▶ [TASK BRIEF]: For the data that follows, print the line with "Untuk menyukseskan, mengefektifkan", the line with "Min dotter älskar", and all lines between them, exactly as they stand. Omit pictures and add nothing.

Stored data entries:
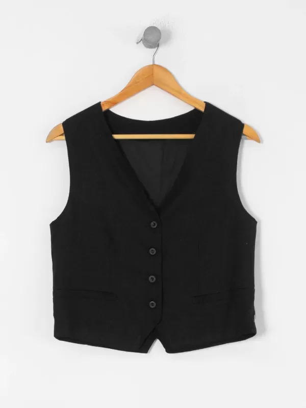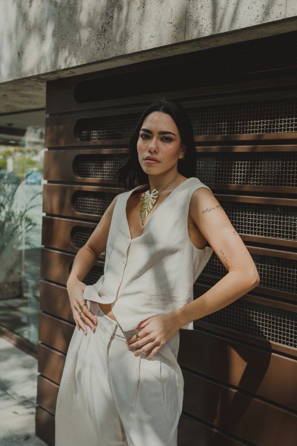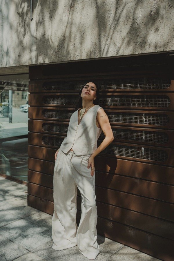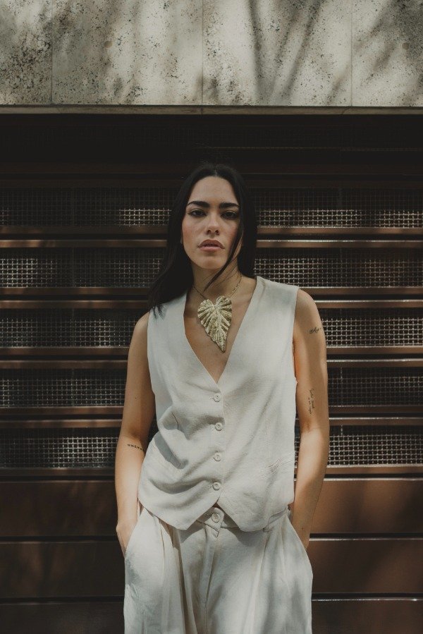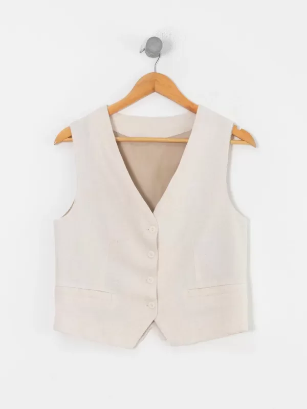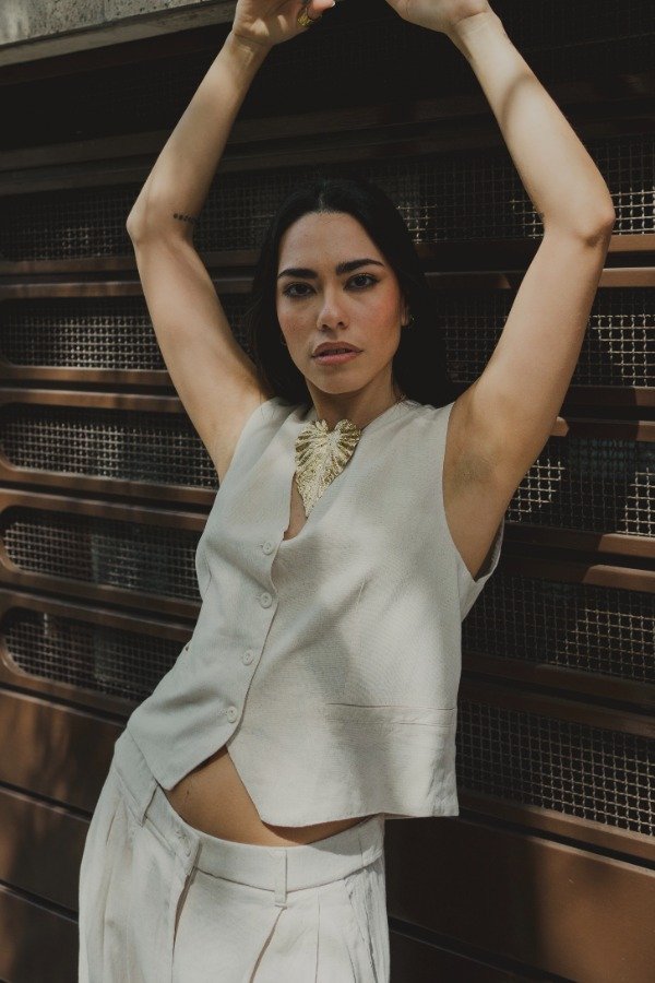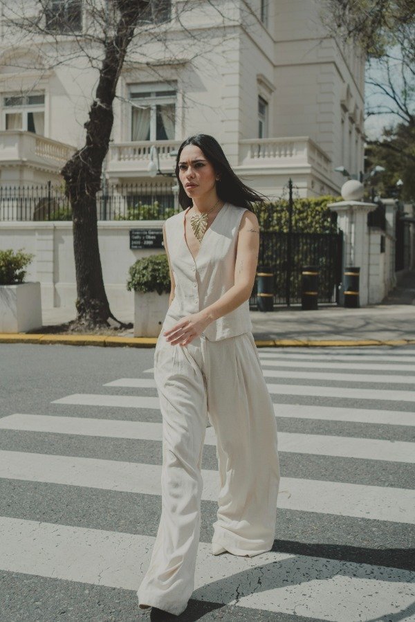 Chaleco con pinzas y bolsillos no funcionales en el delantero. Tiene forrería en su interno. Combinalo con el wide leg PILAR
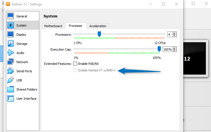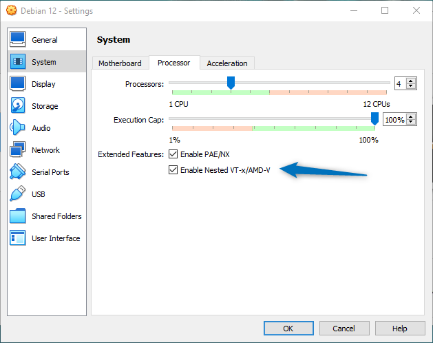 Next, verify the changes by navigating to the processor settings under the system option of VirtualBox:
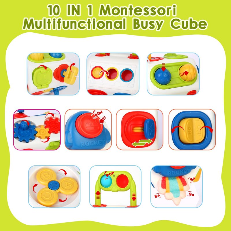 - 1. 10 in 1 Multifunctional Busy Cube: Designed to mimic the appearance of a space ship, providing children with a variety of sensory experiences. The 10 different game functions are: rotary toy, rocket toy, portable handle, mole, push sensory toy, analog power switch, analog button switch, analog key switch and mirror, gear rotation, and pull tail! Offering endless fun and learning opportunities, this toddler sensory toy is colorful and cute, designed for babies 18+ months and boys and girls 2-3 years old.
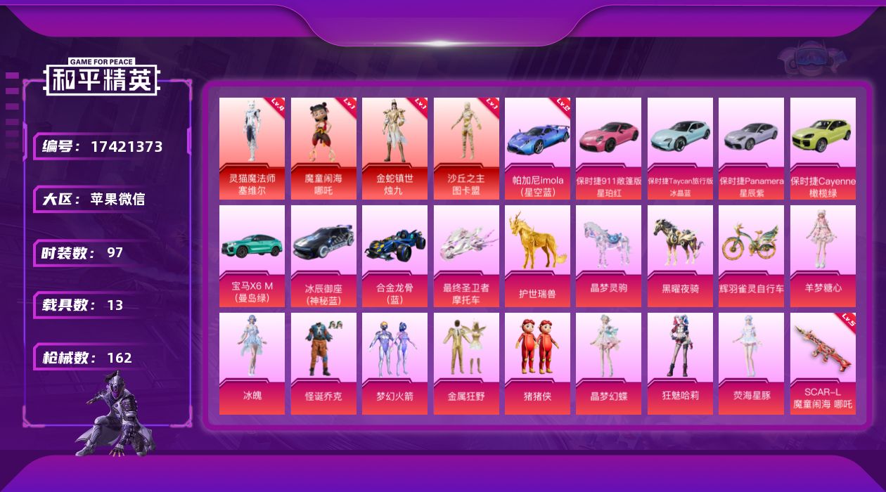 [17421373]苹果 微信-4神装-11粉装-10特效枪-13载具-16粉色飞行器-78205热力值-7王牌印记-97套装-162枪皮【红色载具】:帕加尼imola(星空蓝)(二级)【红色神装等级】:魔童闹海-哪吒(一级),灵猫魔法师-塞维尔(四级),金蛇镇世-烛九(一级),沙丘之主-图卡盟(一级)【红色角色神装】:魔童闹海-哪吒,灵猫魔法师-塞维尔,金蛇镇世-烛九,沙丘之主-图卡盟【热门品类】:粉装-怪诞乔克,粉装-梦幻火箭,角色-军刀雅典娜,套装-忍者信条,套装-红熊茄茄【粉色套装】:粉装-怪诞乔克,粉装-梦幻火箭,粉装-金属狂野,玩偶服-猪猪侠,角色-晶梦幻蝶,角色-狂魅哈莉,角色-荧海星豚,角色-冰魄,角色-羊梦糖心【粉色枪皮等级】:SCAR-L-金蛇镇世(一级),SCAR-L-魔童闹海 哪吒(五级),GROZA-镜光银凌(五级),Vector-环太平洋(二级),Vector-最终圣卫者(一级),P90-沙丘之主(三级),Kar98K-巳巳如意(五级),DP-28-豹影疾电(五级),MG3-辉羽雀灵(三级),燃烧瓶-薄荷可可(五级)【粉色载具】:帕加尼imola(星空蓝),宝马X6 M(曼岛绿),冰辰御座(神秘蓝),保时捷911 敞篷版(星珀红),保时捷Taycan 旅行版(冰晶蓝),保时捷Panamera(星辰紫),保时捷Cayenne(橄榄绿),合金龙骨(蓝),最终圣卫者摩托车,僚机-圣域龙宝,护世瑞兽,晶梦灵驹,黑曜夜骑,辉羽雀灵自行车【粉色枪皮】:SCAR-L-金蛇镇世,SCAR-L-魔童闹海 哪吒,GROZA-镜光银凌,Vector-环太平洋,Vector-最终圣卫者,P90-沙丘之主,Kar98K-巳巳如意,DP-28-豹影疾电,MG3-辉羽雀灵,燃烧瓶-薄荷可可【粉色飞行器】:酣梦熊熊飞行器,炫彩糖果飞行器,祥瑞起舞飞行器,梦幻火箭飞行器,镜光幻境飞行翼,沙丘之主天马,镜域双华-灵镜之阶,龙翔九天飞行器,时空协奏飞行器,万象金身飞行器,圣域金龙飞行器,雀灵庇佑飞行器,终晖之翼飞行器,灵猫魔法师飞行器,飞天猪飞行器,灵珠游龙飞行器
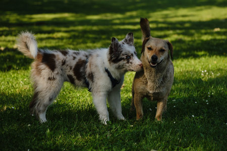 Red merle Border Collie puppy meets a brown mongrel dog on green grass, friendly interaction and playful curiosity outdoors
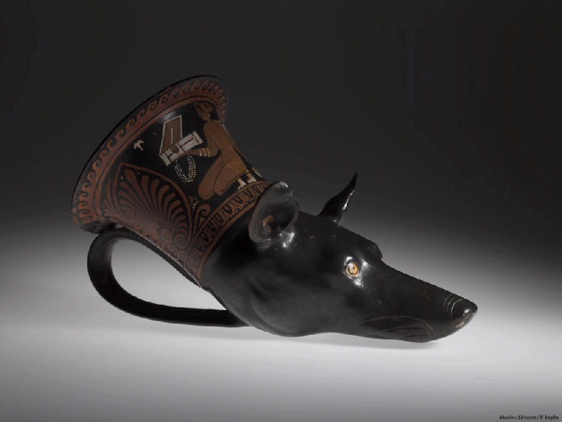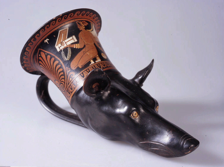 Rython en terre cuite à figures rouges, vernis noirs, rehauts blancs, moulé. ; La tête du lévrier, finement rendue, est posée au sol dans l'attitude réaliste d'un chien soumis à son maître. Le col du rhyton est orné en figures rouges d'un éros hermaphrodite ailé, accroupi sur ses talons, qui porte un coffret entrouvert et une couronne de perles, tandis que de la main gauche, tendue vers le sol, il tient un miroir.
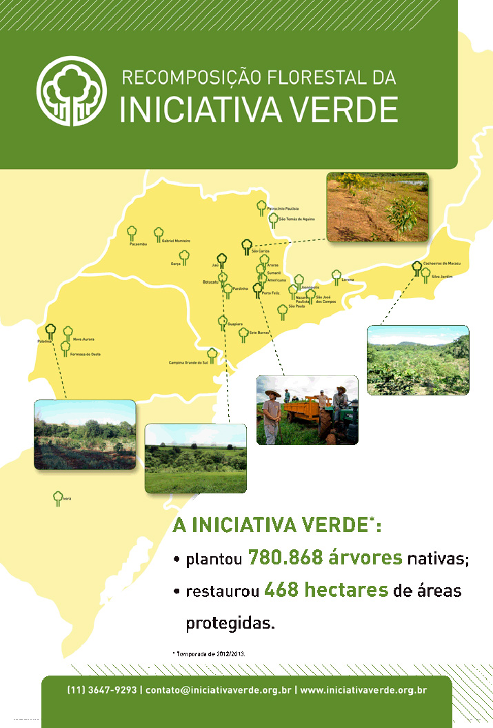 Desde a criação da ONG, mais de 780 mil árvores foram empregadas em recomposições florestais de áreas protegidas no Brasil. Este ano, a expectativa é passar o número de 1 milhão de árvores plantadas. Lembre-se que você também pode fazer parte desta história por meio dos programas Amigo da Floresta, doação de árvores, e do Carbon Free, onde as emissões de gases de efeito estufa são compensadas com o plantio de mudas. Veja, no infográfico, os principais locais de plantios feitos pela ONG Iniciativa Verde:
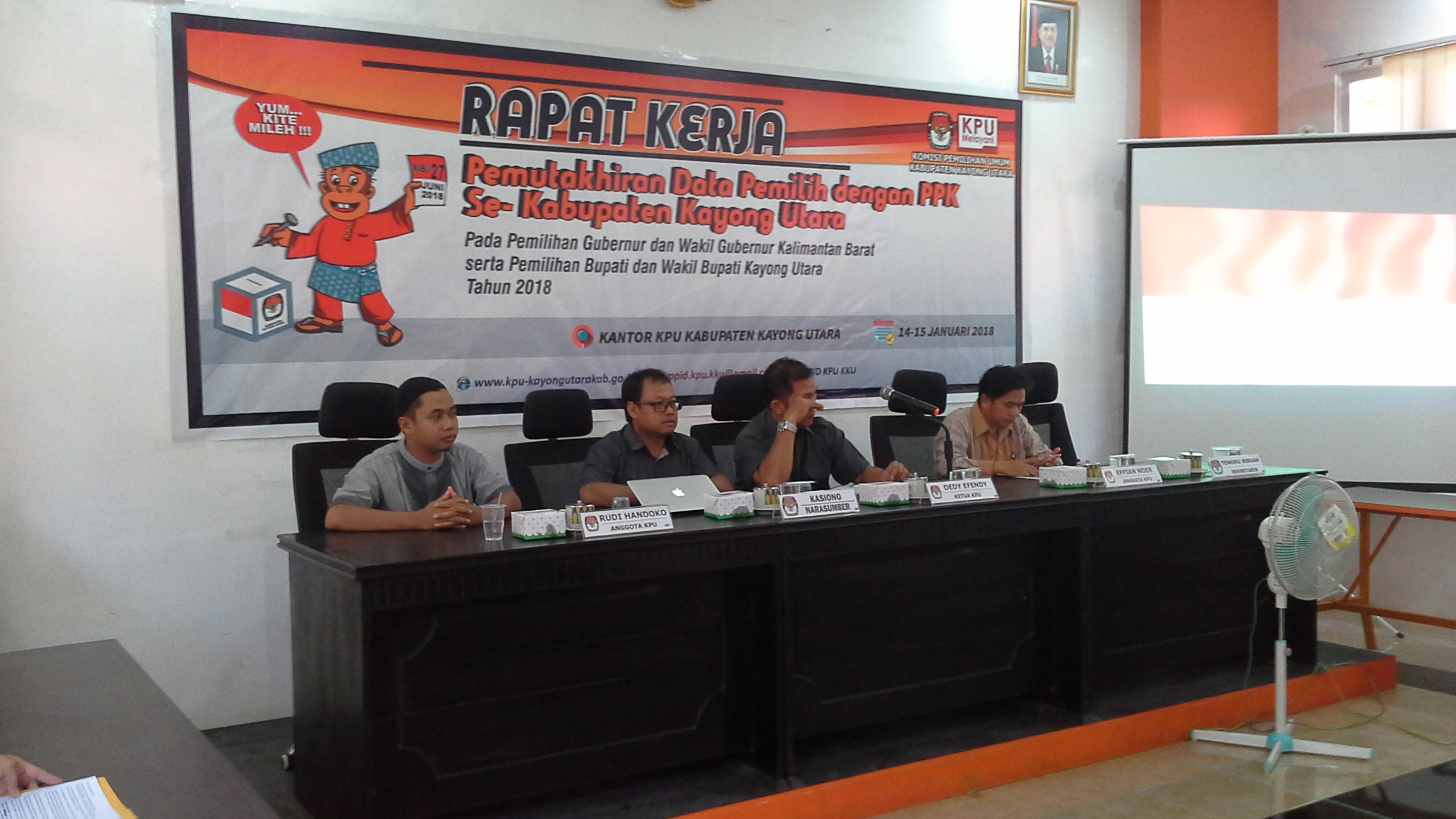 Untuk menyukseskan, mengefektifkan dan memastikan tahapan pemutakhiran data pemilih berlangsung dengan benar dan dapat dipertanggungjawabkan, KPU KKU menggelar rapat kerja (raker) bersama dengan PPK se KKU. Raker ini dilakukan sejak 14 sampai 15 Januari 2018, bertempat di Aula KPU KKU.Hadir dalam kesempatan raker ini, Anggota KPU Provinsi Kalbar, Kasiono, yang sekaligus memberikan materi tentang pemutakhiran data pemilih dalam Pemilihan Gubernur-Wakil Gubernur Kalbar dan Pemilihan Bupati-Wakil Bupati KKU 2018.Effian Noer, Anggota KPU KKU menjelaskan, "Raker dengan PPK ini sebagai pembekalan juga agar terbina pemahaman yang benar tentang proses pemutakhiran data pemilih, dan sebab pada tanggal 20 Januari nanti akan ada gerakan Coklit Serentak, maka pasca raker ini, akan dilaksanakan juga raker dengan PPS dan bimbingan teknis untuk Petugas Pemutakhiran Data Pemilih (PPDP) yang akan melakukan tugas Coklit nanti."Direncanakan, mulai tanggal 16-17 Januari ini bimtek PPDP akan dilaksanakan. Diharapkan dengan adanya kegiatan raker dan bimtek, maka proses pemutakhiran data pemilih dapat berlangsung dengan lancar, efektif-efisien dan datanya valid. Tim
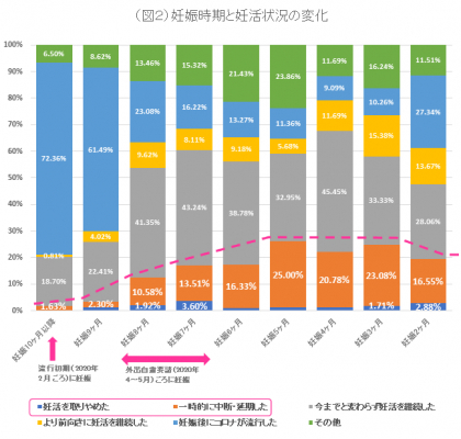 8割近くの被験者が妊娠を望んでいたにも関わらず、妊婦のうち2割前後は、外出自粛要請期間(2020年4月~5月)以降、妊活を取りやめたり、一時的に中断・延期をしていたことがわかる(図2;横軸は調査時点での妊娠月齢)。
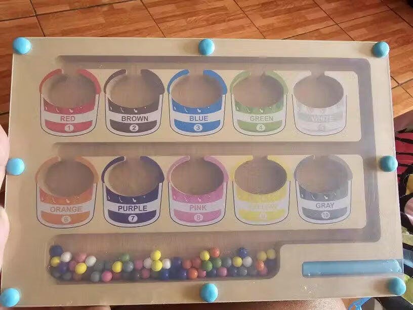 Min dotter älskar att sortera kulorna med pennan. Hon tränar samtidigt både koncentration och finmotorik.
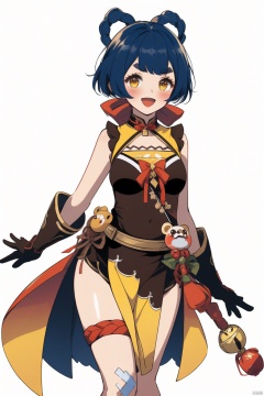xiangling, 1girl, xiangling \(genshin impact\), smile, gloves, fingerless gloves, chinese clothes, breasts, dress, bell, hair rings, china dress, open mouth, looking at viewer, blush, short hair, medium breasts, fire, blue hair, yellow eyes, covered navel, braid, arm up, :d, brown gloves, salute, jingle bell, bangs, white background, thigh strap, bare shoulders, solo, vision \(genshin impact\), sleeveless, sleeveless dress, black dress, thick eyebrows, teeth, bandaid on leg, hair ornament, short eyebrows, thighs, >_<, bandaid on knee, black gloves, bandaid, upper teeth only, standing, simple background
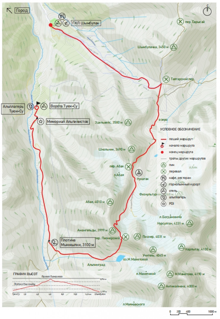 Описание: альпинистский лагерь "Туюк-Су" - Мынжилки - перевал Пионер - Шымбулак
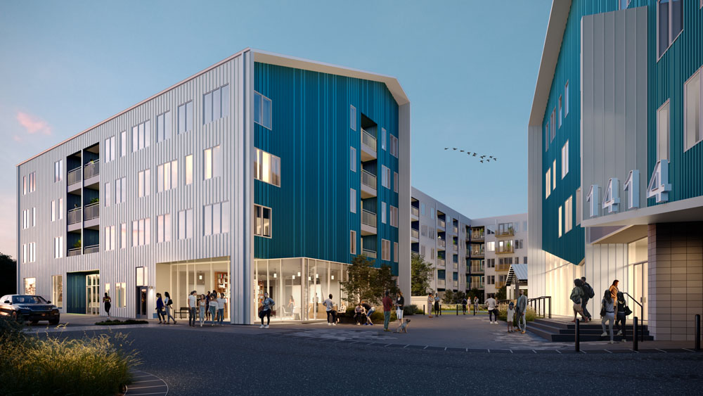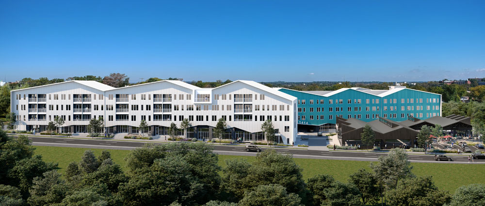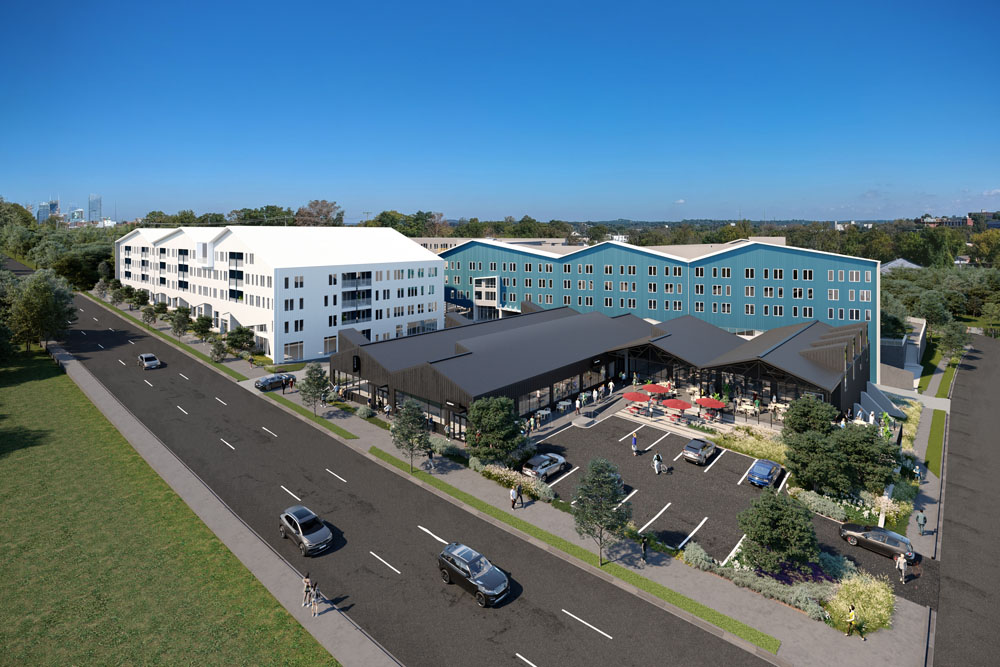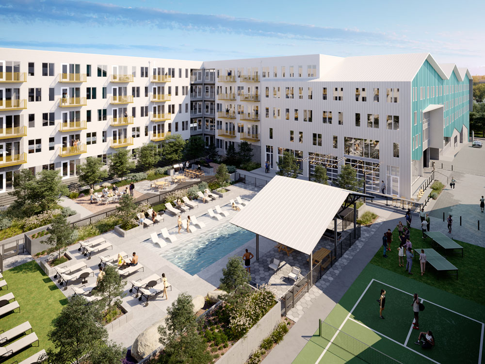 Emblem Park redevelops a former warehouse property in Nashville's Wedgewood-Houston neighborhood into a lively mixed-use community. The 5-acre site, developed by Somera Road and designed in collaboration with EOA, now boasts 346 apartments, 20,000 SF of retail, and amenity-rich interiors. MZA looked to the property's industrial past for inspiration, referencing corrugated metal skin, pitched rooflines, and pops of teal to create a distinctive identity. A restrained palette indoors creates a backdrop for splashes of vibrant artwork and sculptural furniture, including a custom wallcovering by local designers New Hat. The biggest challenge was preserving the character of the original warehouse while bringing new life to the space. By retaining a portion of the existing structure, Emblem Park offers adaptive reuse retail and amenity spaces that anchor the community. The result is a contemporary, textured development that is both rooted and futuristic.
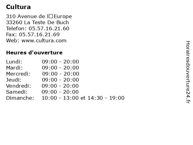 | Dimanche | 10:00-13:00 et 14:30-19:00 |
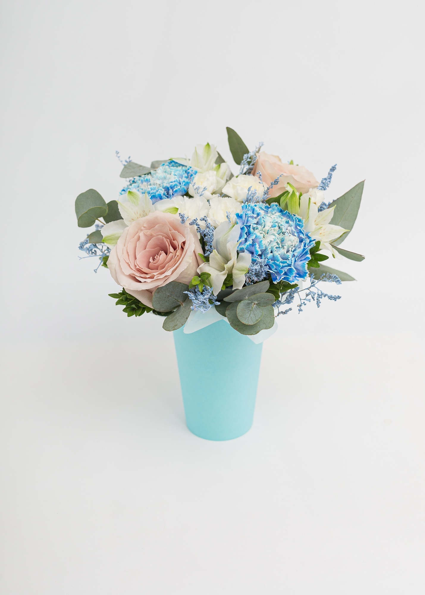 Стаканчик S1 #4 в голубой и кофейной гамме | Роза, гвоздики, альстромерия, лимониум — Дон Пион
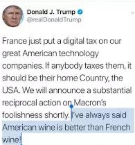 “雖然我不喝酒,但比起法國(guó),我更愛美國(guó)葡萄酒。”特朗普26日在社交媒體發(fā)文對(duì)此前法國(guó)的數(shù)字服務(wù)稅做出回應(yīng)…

▶ [OUTPUT FOR THIS TASK]:
 Untuk menyukseskan, mengefektifkan dan memastikan tahapan pemutakhiran data pemilih berlangsung dengan benar dan dapat dipertanggungjawabkan, KPU KKU menggelar rapat kerja (raker) bersama dengan PPK se KKU. Raker ini dilakukan sejak 14 sampai 15 Januari 2018, bertempat di Aula KPU KKU.Hadir dalam kesempatan raker ini, Anggota KPU Provinsi Kalbar, Kasiono, yang sekaligus memberikan materi tentang pemutakhiran data pemilih dalam Pemilihan Gubernur-Wakil Gubernur Kalbar dan Pemilihan Bupati-Wakil Bupati KKU 2018.Effian Noer, Anggota KPU KKU menjelaskan, "Raker dengan PPK ini sebagai pembekalan juga agar terbina pemahaman yang benar tentang proses pemutakhiran data pemilih, dan sebab pada tanggal 20 Januari nanti akan ada gerakan Coklit Serentak, maka pasca raker ini, akan dilaksanakan juga raker dengan PPS dan bimbingan teknis untuk Petugas Pemutakhiran Data Pemilih (PPDP) yang akan melakukan tugas Coklit nanti."Direncanakan, mulai tanggal 16-17 Januari ini bimtek PPDP akan dilaksanakan. Diharapkan dengan adanya kegiatan raker dan bimtek, maka proses pemutakhiran data pemilih dapat berlangsung dengan lancar, efektif-efisien dan datanya valid. Tim
 8割近くの被験者が妊娠を望んでいたにも関わらず、妊婦のうち2割前後は、外出自粛要請期間(2020年4月~5月)以降、妊活を取りやめたり、一時的に中断・延期をしていたことがわかる(図2;横軸は調査時点での妊娠月齢)。
 Min dotter älskar att sortera kulorna med pennan. Hon tränar samtidigt både koncentration och finmotorik.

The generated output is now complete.